Let's use our complete training system to solve the XOR problem!

In [None]:
# Create XOR dataset
X_xor = np.array([
    [0, 0],
    [0, 1],
    [1, 0],
    [1, 1]
])

y_xor = np.array([
    [0],
    [1],
    [1],
    [0]
])

print("XOR Problem:")
print("="*40)
print("Input 1 | Input 2 | Output")
print("-"*40)
for i in range(len(X_xor)):
    print(f"   {X_xor[i,0]}    |    {X_xor[i,1]}    |   {y_xor[i,0]}")
print("="*40)
print()

# Create network
np.random.seed(42)  # For reproducibility
network = NeuralNetwork(
    input_size=2,
    hidden_size=8,  # 8 hidden neurons
    output_size=1,
    learning_rate=0.1,
    activation='relu'  # ReLU activation
)

# Train the network
history = network.train(
    X_train=X_xor,
    y_train=y_xor,
    epochs=1000,
    batch_size=4,  # Use all 4 examples per batch
    verbose=True
)

# Test the network
print("\n" + "="*70)
print("🧪 TESTING TRAINED NETWORK")
print("="*70)
predictions = network.forward(X_xor)

print("Input 1 | Input 2 | Target | Prediction | Rounded | Correct?")
print("-"*70)
for i in range(len(X_xor)):
    x1, x2 = X_xor[i]
    target = y_xor[i, 0]
    pred = predictions[i, 0]
    rounded = round(pred)
    correct = "✓" if rounded == target else "✗"
    print(f"   {x1}    |    {x2}    |   {target}    |   {pred:.4f}   |    {rounded}    |   {correct}")

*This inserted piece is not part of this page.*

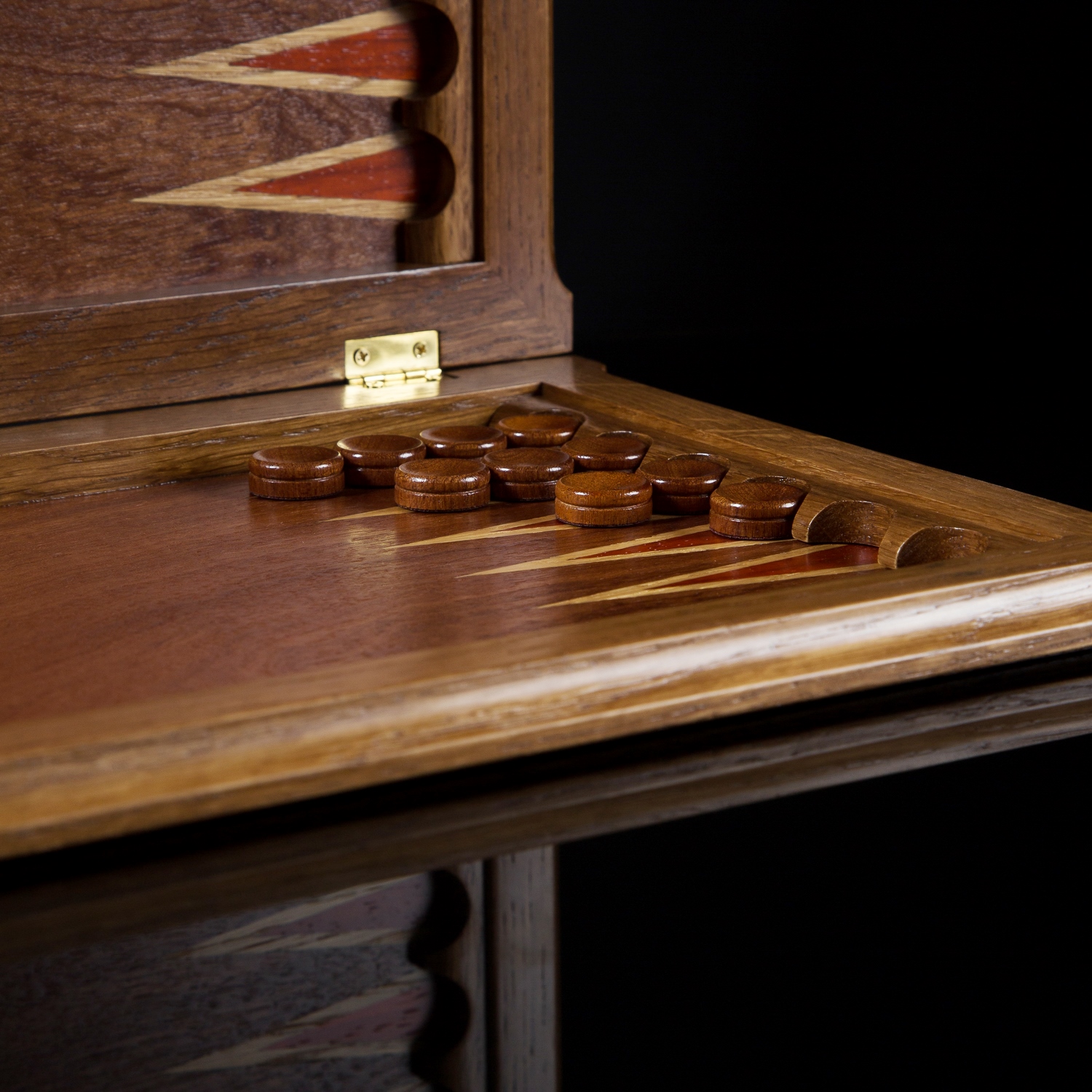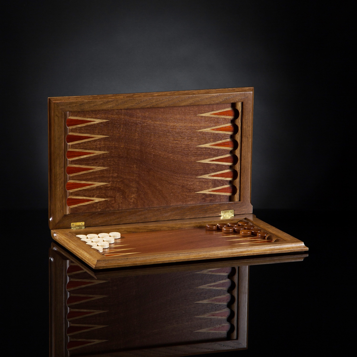 Нарды "книга" (темный корпус) kadun. корпус - полевой дуб тонированный, шелковисто-матовый лак, рисунок в технике маркетри (мозаика) замки – потайные магниты лицевая сторона – сапеле, венге, дуб, клен, орех игровое поле внутри - дуб, красное дерево, орех шашки светлые - ясень, темные - красное дерево, подклеены замшем. кубики - пластик Размеры в сложенном виде длина 34см ширина 21см в раскрытом виде длина 34см ширина 42см шашки ручной работы диаметром 18мм 30шт кубики грань 10мм 2шт
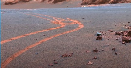 Tiriamasis persikėlė į vietą, kur Marse siautė smarki audra, o žmonės naudojosi milžiniškomis piramidėmis, kad pasislėptų.

accuracy = network.compute_accuracy(predictions, y_xor)
print("="*70)
print(f"Final Accuracy: {accuracy:.1f}%")
print("="*70)

In [None]:
# Visualize training progress

fig, (ax1, ax2) = plt.subplots(1, 2, figsize=(14, 5))

# Plot 1: Loss over epochs
epochs = range(1, len(history['train_loss']) + 1)
ax1.plot(epochs, history['train_loss'], 'b-', linewidth=2, label='Training Loss')
ax1.set_xlabel('Epoch', fontsize=12)
ax1.set_ylabel('Loss (MSE)', fontsize=12)
ax1.set_title('Loss Decreases Over Time', fontsize=14, fontweight='bold')
ax1.legend()
ax1.grid(True, alpha=0.3)
ax1.set_yscale('log')  # Log scale to see details

# Plot 2: Decision boundary
# Create a grid of points
xx, yy = np.meshgrid(np.linspace(-0.5, 1.5, 200),
                     np.linspace(-0.5, 1.5, 200))
grid_points = np.c_[xx.ravel(), yy.ravel()]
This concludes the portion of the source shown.